* _Action item_
Repeat only the lines from the one containing "中长款 冬保暖睡衣家居服套装 睡袍毛绒浴袍加厚情侣款 三层加厚" to the final line below, exactly as they read, and leave every picture out.

Records from a data collection
_ _ _ _ _ _ _
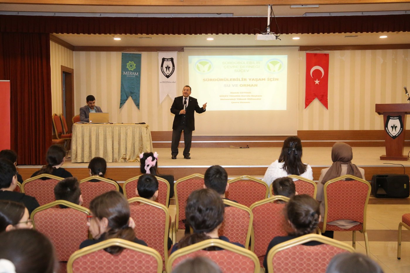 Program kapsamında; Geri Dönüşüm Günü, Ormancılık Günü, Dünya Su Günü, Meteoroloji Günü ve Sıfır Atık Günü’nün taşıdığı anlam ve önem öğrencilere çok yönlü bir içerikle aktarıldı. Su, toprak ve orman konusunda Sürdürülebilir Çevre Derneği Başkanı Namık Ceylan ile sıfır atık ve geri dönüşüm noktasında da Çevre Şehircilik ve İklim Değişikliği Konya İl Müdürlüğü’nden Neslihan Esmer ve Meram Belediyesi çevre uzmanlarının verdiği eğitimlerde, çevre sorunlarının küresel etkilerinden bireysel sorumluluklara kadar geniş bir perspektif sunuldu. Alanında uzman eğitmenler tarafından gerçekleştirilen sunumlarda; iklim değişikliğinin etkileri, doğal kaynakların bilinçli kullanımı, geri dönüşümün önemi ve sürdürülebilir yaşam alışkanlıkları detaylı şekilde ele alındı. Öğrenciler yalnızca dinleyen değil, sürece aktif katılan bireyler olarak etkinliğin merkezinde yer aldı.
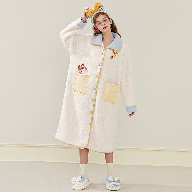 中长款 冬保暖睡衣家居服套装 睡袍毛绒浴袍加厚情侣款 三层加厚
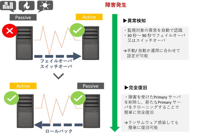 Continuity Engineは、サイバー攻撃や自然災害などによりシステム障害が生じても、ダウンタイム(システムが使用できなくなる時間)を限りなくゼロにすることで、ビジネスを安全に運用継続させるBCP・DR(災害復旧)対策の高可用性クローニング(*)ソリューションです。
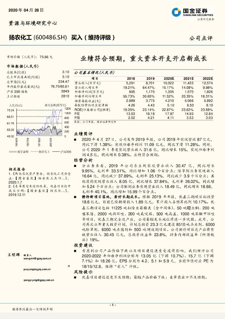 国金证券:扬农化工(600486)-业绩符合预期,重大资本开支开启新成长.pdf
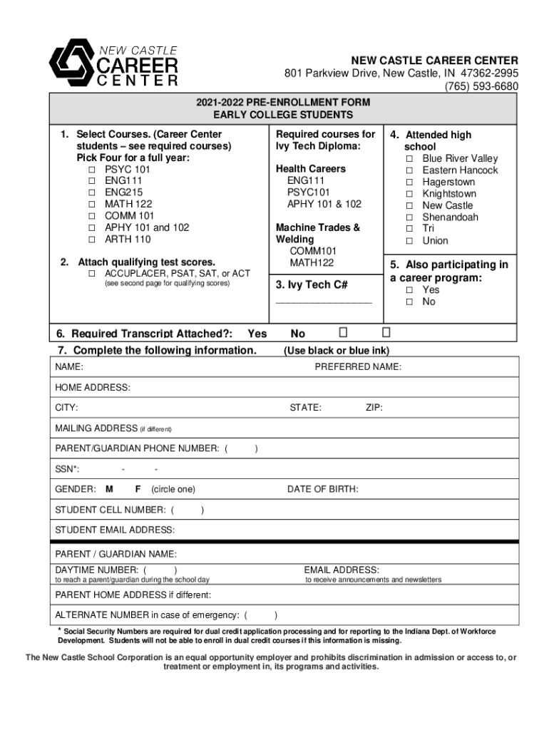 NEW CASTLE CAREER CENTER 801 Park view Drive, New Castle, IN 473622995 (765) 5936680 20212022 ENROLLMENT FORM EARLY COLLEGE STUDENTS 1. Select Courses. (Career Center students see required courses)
_ _ _ _ _ _ _
* _Answer to the exercise_
 中长款 冬保暖睡衣家居服套装 睡袍毛绒浴袍加厚情侣款 三层加厚
 Continuity Engineは、サイバー攻撃や自然災害などによりシステム障害が生じても、ダウンタイム(システムが使用できなくなる時間)を限りなくゼロにすることで、ビジネスを安全に運用継続させるBCP・DR(災害復旧)対策の高可用性クローニング(*)ソリューションです。
 国金证券:扬农化工(600486)-业绩符合预期,重大资本开支开启新成长.pdf
 NEW CASTLE CAREER CENTER 801 Park view Drive, New Castle, IN 473622995 (765) 5936680 20212022 ENROLLMENT FORM EARLY COLLEGE STUDENTS 1. Select Courses. (Career Center students see required courses)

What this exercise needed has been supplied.